Thursday, 15 September 2011

Southern Seas (1979)

The most talented crime writer in Spain, Manuel Vazquez Montalban (1939-2003) was the creator of a well known figure, not only in his home country: sarcastic, eficient, untidy, nihilistic, gourmand and somewhat politically incorrect Pepe Carvalho. The detective was the main character in a series of acclaimed novels that Vázquez Montalbán set up mainly in Barcelona throughout three decades and three different political periods in Spain: the 1970s, 1980s and 1990s.

Southern Seas (1979) is, to many, his best Carvalho novel. Winner of the Planeta prize that year, the narration introduces us to the turbulent Barcelona of the strict center of the Spanish Transition years. Those that took Spain away from a 40-year dictatorship into a long sought after democracy.
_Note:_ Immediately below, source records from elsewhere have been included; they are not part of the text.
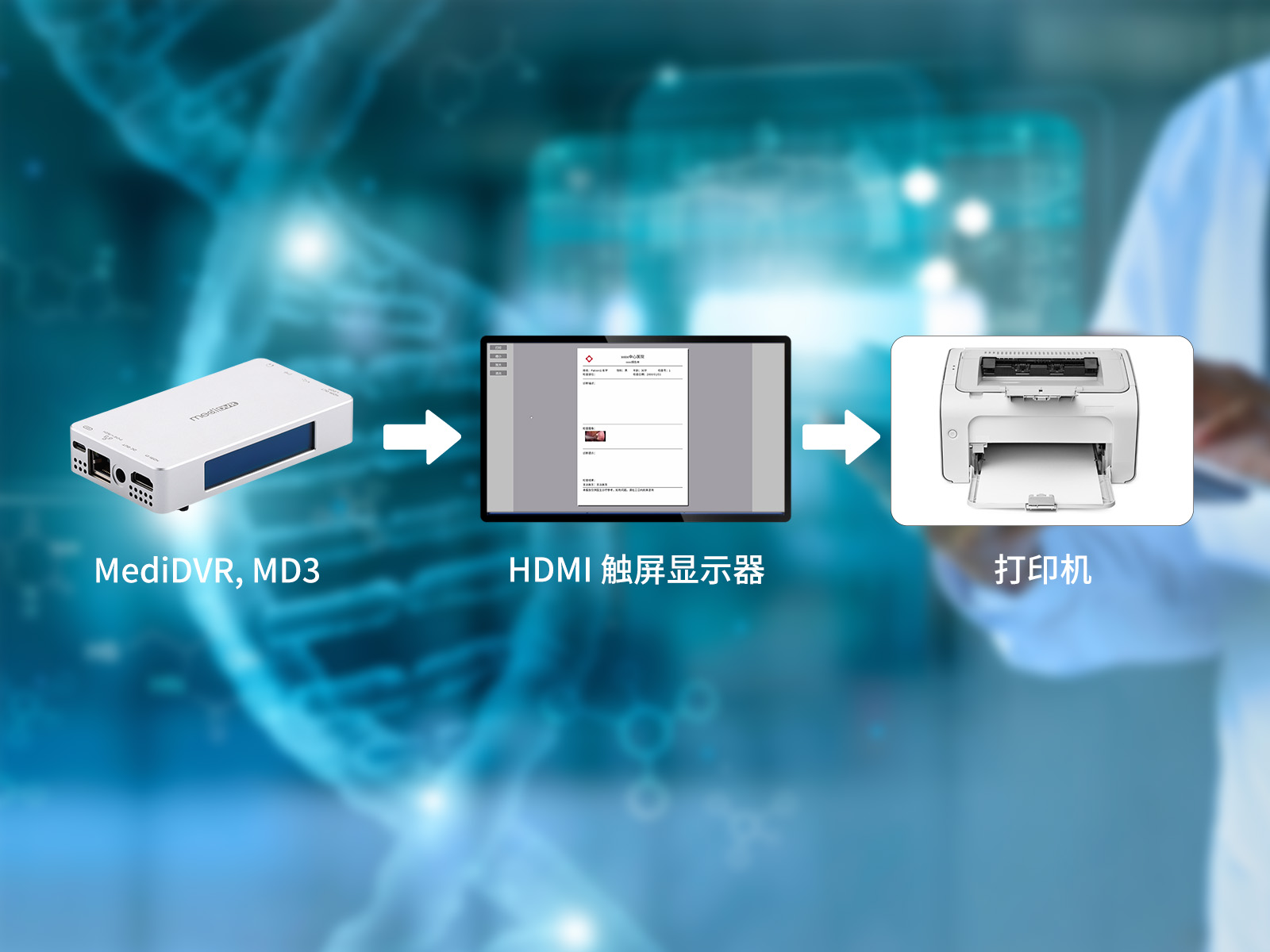 在記錄4K高質(zhì)量圖像和視頻質(zhì)量的同時, MediDVR,MD3的使用和控制也變得輕松自如。借助MediDVR,MD3 ,捕捉4K超高清視頻和靜態(tài)圖像變得輕而易舉。其直觀的界面支持輕松輸入患者信息、視頻回放,圖片批注及打印報告功能。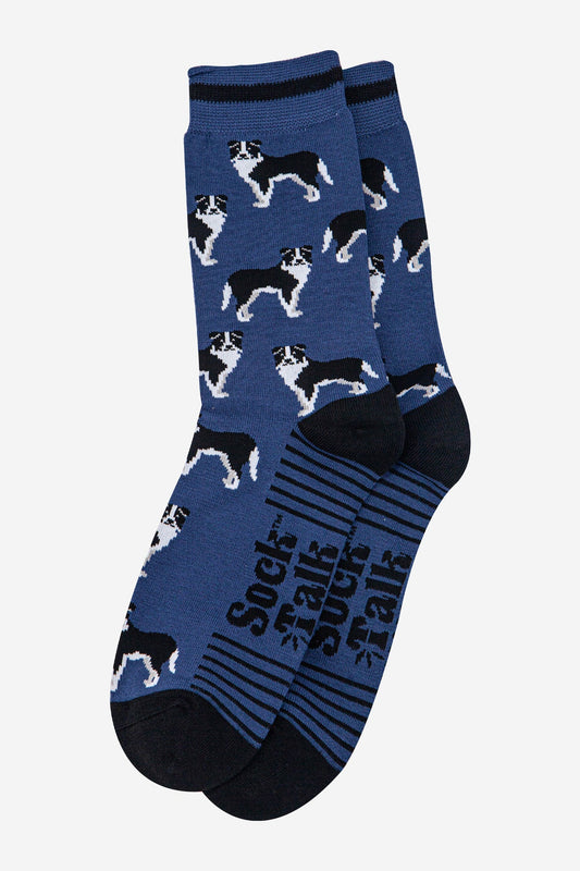 Men's Bamboo Socks - Denim Blue/Black, Border Collie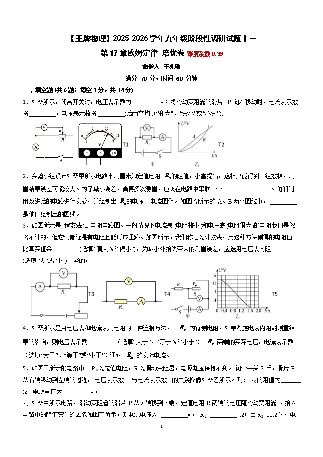 【内容简介】第17章 欧姆定律 培优训练--2025-2026学年九年级阶段性调研试题十三(人教版)【王牌物理河南专版】

The plot is a skillful one. The characters are vivid and discursive, with well achieved psychologies and motivations. But the main character is Barcelona itself, the Barcelona of that last year of the 1970s, with its social unrest, the nervoussness at the streets, the gesticulation of the engagés, the political debate, the ideological effervescence of a country at the crossroads.

Reading Southern Seas is like plunging into 1979 Barcelona and touch it with the fingers, living almost first hand a crucial time in Spain. Recreating in one´s mind the political past, while enjoying a well fitted, clever noir adventure.